The dark days are over for now, though he concedes they might not be over for good.

“I always knew I could come back when I wanted to, but I didn’t know when I was going to get the urge to do it again. I thought to myself after two and a half years out of the ring, I’m not going to get that urge – then it happened.

“We take for granted our lives, the small things. We always think what we would do if we had a million quid. It’s always wanted… It’s the human nature to want rather than be contented with what we have. We are always striving for more. Sometimes more isn’t better; more assets, property, more money equals more stress and shorter life. That’s for fact.

“A hundred percent we have bad days just the same. We wouldn’t be human if we didn’t. Like Mike Tyson said, ‘Who in history has even been happy for 10 days in a row, like every day constant happiness? Nobody. I don’t want more. I don’t want nothing. If you stripped away all the achievements, all the properties, all the money and all the cars, I’d still be El Rey Gitanos because none of that makes a man. I can sit down with kings and have a cup of tea, or sit down with a pauper and have half a lager. Achievements mean nothing to me because at the end of the day being contented and happy to me is worth more than anything in the world. I know this because I’ve been hell to back.

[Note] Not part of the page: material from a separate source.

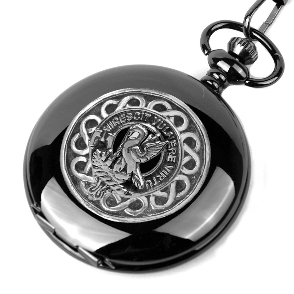 The movement is precision quartz and is battery operated. The Clan crest watch includes an elegant removable matching alloy chain with a lobster claw clip at one end. The case is made of high quality scratch resistant stainless steel with a baked black mirror enamel. This pocket watch is the standard size for a pocket watch. The diameter is 1-13/16" (47 mm). The celtic interlace design mounted on the surface with the Clan crest is 1-3/16" (30 mm)

“I’d rather be skint, living in Las Vegas underground sewers, than go back to how I was and have a billion dollars in the bank. I never want to go back to that place, ever. [Now] there is no pressure so there is no plan. I don’t have a plan, I live life day-to-day, hour-to-hour. I wake up and think ‘what am I going to do today?’ I’m going to wake up, have a shower, brush my teeth and then I’m going to go and have peanut butter on toast I think. I will plan my day like that.

“I don’t think about next week or month because I don’t know if I’ll even be alive next month. I have no idea about these things and it used to worry me a lot – what if? What if? – but now I know we have no control on the word ‘if’ at all so I don’t worry about it. Nothing can phase me.”

Not anymore, at least. It might have used to but he’s become hardened. The windy road of life, the one with the bumps and potholes, it still being navigated carefully, perhaps more cautiously than he’d care to admit.

But his story is being chronicled. He has an autobiography coming out in November which has been two years in the making. “No holds barred,” he calls it.

“This book will even rival any sports biography ever,” he insisted. “It’s such a story isn’t it? A man who started from the bottom to the top, back down to the bottom again the back to Las Vegas here headlining in Las Vegas, King of the World. It was tough emotionally but I did it over being emotionally depressed to be totally well again right though, so there are both personalities in there.”

And what a journey it’s been. To hell and back. The brink of suicide to the brink of sport’s most prestigious prize again, it’s all there.

When Tyson Fury started this crazy ride he didn’t know where or how it might end. He might not have even dreamt about Las Vegas, but he dreamed big. For if he could give a young Tyson Fury advice starting out now, it’s just to enjoy the journey. The journey is the destination.

“I would just say, ‘Sit back, relax because we’re going to the stars.”